(Exercise instructions) Once you find the line with "請依照此處的說明,從 Microsoft Defender" in the entries below, print it and each line after it up to and including the line with "747 - أخبرنا", exactly, without pictures.

(Materials provided)

===============

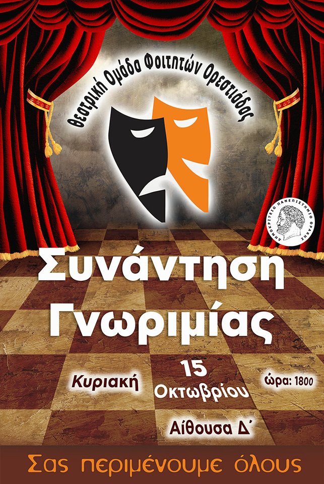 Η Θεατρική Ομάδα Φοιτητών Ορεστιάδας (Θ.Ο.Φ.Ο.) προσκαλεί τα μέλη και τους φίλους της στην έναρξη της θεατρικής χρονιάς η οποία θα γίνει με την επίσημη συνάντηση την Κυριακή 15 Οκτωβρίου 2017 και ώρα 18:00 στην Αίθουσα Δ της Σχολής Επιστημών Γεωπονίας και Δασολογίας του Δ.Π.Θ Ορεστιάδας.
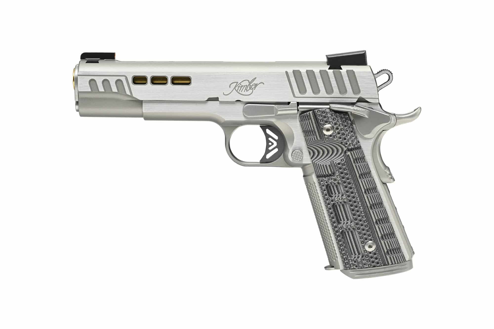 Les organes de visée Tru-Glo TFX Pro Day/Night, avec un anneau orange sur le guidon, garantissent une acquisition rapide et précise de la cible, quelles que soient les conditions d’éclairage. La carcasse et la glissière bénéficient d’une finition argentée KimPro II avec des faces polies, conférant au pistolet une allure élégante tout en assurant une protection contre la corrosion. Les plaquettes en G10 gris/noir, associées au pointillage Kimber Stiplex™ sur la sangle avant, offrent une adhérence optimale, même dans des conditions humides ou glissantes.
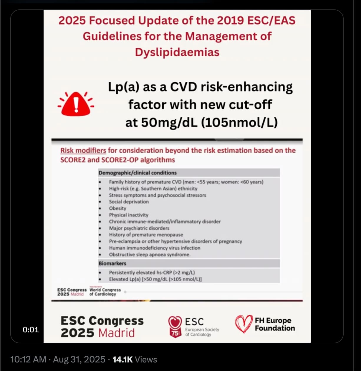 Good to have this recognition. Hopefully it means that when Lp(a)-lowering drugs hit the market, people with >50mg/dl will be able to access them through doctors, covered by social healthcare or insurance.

===============

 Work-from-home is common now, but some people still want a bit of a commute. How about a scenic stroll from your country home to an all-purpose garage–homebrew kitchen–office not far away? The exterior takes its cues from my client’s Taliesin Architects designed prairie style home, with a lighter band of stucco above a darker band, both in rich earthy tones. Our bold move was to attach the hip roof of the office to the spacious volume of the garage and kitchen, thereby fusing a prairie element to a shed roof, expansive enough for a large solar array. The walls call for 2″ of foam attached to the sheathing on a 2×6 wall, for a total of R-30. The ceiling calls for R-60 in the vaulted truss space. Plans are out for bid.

===============

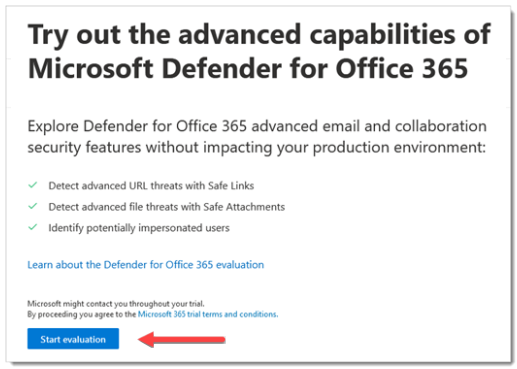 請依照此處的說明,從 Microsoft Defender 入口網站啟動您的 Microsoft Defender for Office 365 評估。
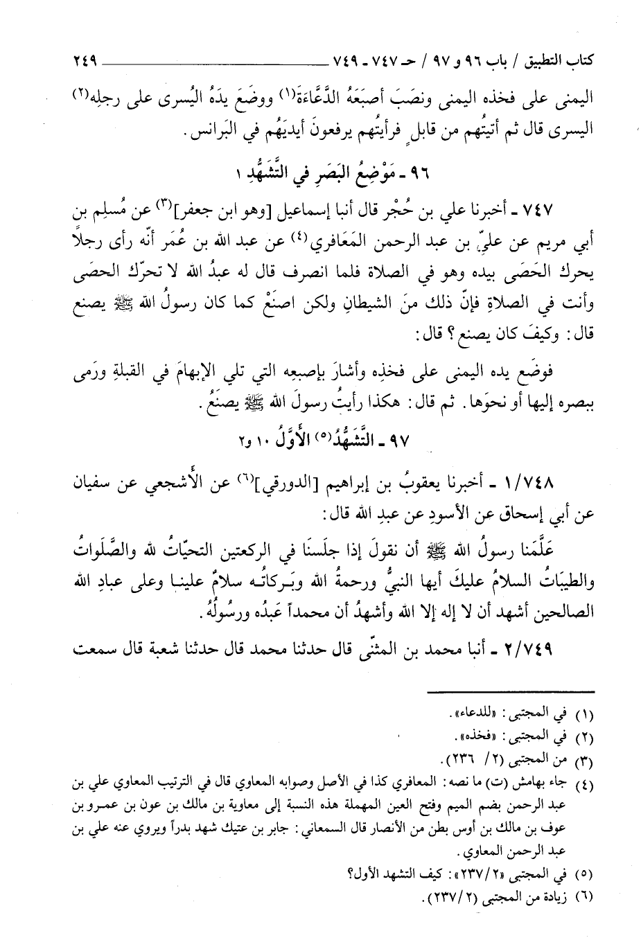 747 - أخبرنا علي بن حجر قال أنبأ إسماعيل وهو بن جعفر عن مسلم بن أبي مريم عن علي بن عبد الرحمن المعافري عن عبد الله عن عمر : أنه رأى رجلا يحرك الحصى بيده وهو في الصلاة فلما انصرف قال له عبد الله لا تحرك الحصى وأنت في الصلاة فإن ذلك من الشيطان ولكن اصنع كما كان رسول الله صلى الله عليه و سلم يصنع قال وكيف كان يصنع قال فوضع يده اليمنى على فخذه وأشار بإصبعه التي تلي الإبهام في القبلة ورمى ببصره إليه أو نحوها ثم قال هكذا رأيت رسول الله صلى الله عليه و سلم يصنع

===============

(Exercise response)
 請依照此處的說明,從 Microsoft Defender 入口網站啟動您的 Microsoft Defender for Office 365 評估。
 747 - أخبرنا علي بن حجر قال أنبأ إسماعيل وهو بن جعفر عن مسلم بن أبي مريم عن علي بن عبد الرحمن المعافري عن عبد الله عن عمر : أنه رأى رجلا يحرك الحصى بيده وهو في الصلاة فلما انصرف قال له عبد الله لا تحرك الحصى وأنت في الصلاة فإن ذلك من الشيطان ولكن اصنع كما كان رسول الله صلى الله عليه و سلم يصنع قال وكيف كان يصنع قال فوضع يده اليمنى على فخذه وأشار بإصبعه التي تلي الإبهام في القبلة ورمى ببصره إليه أو نحوها ثم قال هكذا رأيت رسول الله صلى الله عليه و سلم يصنع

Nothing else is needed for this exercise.